Nash was a vehement advocate of the neoclassical revival endorsed by John Soane, although he had lost interest in the plain stone edifices typical of the Georgian style, and instead advocated the use of stucco. Decimus Burton entered the office of Nash in 1815, where he worked alongside Augustus Charles Pugin, who detested the neoclassical style. Burton established his own architectural practice in 1821. In 1821, Nash invited Decimus Burton to design Cornwall Terrace in Regent's Park, and he was also invited by George Bellas Greenough, a close friend of the Prince Regent, Humphry Davy, and Nash, to design Grove House in Regent's Park.

Greenough's invitation to Decimus Burton was "virtually a family affair", for Greenough had dined frequently with Decimus's parents and brothers, including the physician Henry Burton. Greenough and Decimus finalized their designs during numerous meetings at the opera. The design, when the villa had been completed, was described in The Proceedings of the Royal Society as, "one of the most elegant and successful adaptations of the Grecian style to purposes of modern domestic architecture to be found in this or any country."

Subsequently, Nash invited Decimus to design Clarence Terrace, Regent's Park. Such were Decimus Burton's contributions to the Regent's Park project that the Commissioners of Woods described Burton, not Nash, as "the architect of Regent's Park". Contrary to popular belief, the dominant architectural influence in many of the Regent's Park projects – including Cornwall Terrace, York Terrace, Chester Terrace, Clarence Terrace, and the villas of the Inner Circle, including The Holme and the London Colosseum attraction (the latter to Thomas Hornor's specifications) all of which were constructed by James Burton's company – was Decimus Burton, not John Nash, who was appointed architectural "overseer" for Burton Jr.'s projects.
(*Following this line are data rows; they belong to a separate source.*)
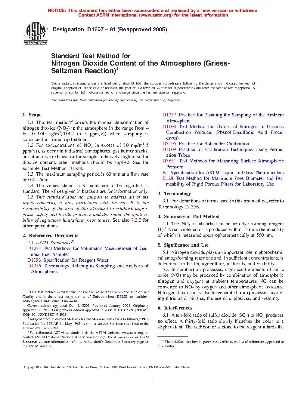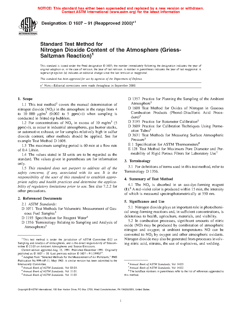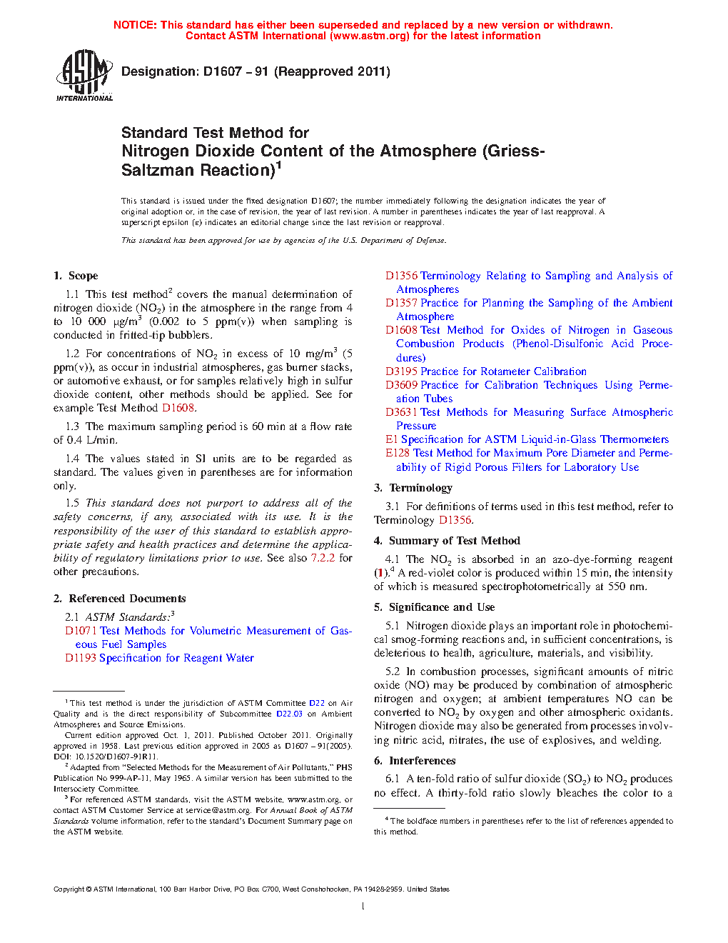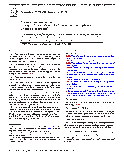 1.1 This test method2 covers the manual determination of nitrogen dioxide (NO2) in the atmosphere in the range from 4 µg/m3 to 10 000 µg/m3 (0.002 ppm(v) to 5 ppm(v)) when sampling is conducted in fritted-tip bubblers.
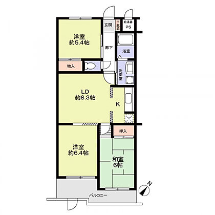 | 間取り | 3LDK | 専有面積 | 61.96m2(壁芯) |
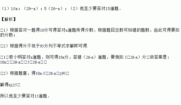 为弘扬中华优秀传统文化,某中学在全校开展诵读古诗词竞赛活动.测试题共有27道题,评分办法规定:答对一道题得10分,不答得0分,答错一道题倒扣5分,小明有1道题未答,他若得分不低于95分,至少要答对几道题?

Decimus Burton, to Nash's chagrin, developed the Terraces according to his own style to the extent that Nash sought, unsuccessfully, to demolish and completely rebuild Chester Terrace. Decimus subsequently eclipsed his master and emerged as the dominant force in the design of Carlton House Terrace, where he exclusively designed No. 3 and No. 4. He also designed some of the villas of the Inner Circle: his villa for the Marquess of Hertford has been described as, "decorated simplicity, such as the hand of taste, aided by the purse of wealth can alone execute".
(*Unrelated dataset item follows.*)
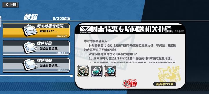你说礼包奖励不对,维护补偿。这就是你们的补偿?上周买了128以上礼包的直接又发了一次全额奖励。然而我们这些买了128以下的就什么都没有。你们这补偿是否对购买了30 68 98档位的玩家极不公平?真有你的官方。
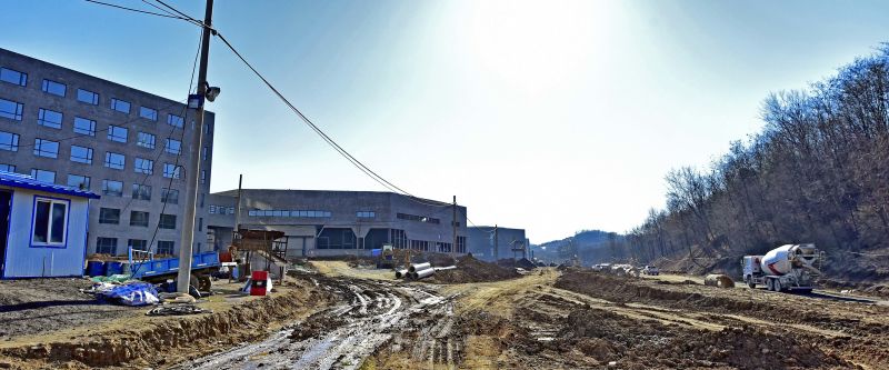 11月15日,記者在高新區御龍山康樂中心項目施工現場看到一派忙碌景象,運送混凝土的車輛穿梭往來,數名工人和機械設備在緊張作業,工人們在抓緊上凍前的有利時機,趕搶工期,全力推進項目建設,確保2017 年全部投入運營。

== Retirement and death ==
Nash's career effectively ended with the death of George IV in 1830. The King's notorious extravagance had generated much resentment, and Nash was now without a protector. The Treasury started to look closely at the cost of Buckingham Palace. Nash's original estimate of the building's cost had been £252,690, but this had risen to £496,169 in 1829; the actual cost was £613,269 (~£69.5 million in 2020 money), and the building was still unfinished. This controversy ensured that Nash would not receive any more official commissions, nor would he be awarded the knighthood that other contemporary architects such as Jeffry Wyattville, John Soane and Robert Smirke received. Nash retired to the Isle of Wight to his home, East Cowes Castle.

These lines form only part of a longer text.